Customer experience optimization and process optimization must go hand in hand
Processes, data, agility, prioritization, technology, integration, information, business and IT alignment, digitization etc. all matter but are conditions for better customer experiences.
What matters more than technologies and even processes is people as mentioned previously. None of the above is a guarantee for customer experience enhancement. However, they go hand in hand and work when connected for a common purpose. In a survey, conducted by AIIM, elements regarding the customer experience, including accurate and consistent customer communication, fast customer response on all fronts and providing best-in-class customer experience were mentioned more often than other future business success drivers such as process automation.
However, the process aspect, human element and customer experience part go together.
The exception becomes the rule
From a customer service and contact center perspective, there are several challenges. On top of the need to redefine – and “sell” the role of the contact center in the customer experience equation, the digitization of processes focuses on the automation of routine tasks first (with a broad mix of technology available, including self-learning systems) and, as Nicola Millard states, the contact center of the future will have a more pro-active role and the customer experience and value propositions will shift more towards complex customer requests.
This shift will also play a role in the metrics used: from typical contact center metrics as we know them today towards more customer experience oriented metrics.
Measurement across the board: speaking a common language
As just mentioned, referring to the blog post of Nicola Millard, there is a shift in the way we will measure customer service and contact center quality. Within a broader digital transformation context, this is essential to take into account when it boils down to the customer experience.
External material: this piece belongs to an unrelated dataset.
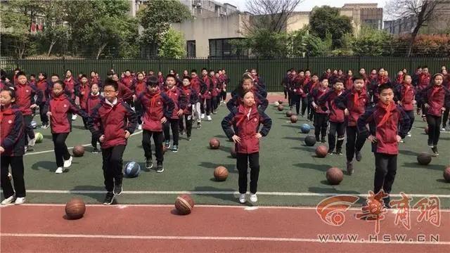 操场上,学生们展示着学校的自编操:篮球操、垃圾分类操、英语操。一旁的羽毛球场地上,有孩子在玩滚铁环、跳房子、跳皮筋,都是“80后”的童年小游戏。

Enterprise-wide transformations need enterprise-wide metrics and KPIs. Or in other words: amidst the avalanche of data and often fragmented customer-related measurement possibilities, it’s hard to get a holistic view. Integration requires focusing on common goals. It’s the same as in the implementation of marketing ROI programs: speaking the same language, across all marketing-related activities. Only here it’s in a customer experience context. We have to dare let go of pure transactional and internal KPIs and move towards a mix of KPIs and metrics that are closely related to the customer. Transformation is also about that. NPS (as a system) is one way, another one that gains traction is the Customer Effort Score. In practice, often a mix is used. From an enterprise-wide or holistic perspective of course we look at customer satisfaction, customer lifetime value and I would add leakage but that’s for a separate article.
This list is of course far from exhaustive. Also consider:
- The role of IT and various enabling technologies such as artificial intelligence (routing, IDR, knowledge base,…), multi-channel inbound communications, unified communications and collaboration, virtualization, videoconferencing etc.
- The oh so crucial role of employee training, engagement and enablement, which we’ll cover in depth in another article.
- The fact that the lines between online and offline blur and that it’s not all about self-service etc. but also about digital transformations in offline and hybrid contexts (think retail stores, for instance).
Last but not least: we’ve talked about the people dimension. It’s so important that we’ll cover it separately as well. Staying close to the customer is not just a matter of metrics or the customer experience as such.
Regardless of the use of digital technologies and the areas of digital transformation and virtualization; until further notice people will continue to have personal interactions when, where and how they want.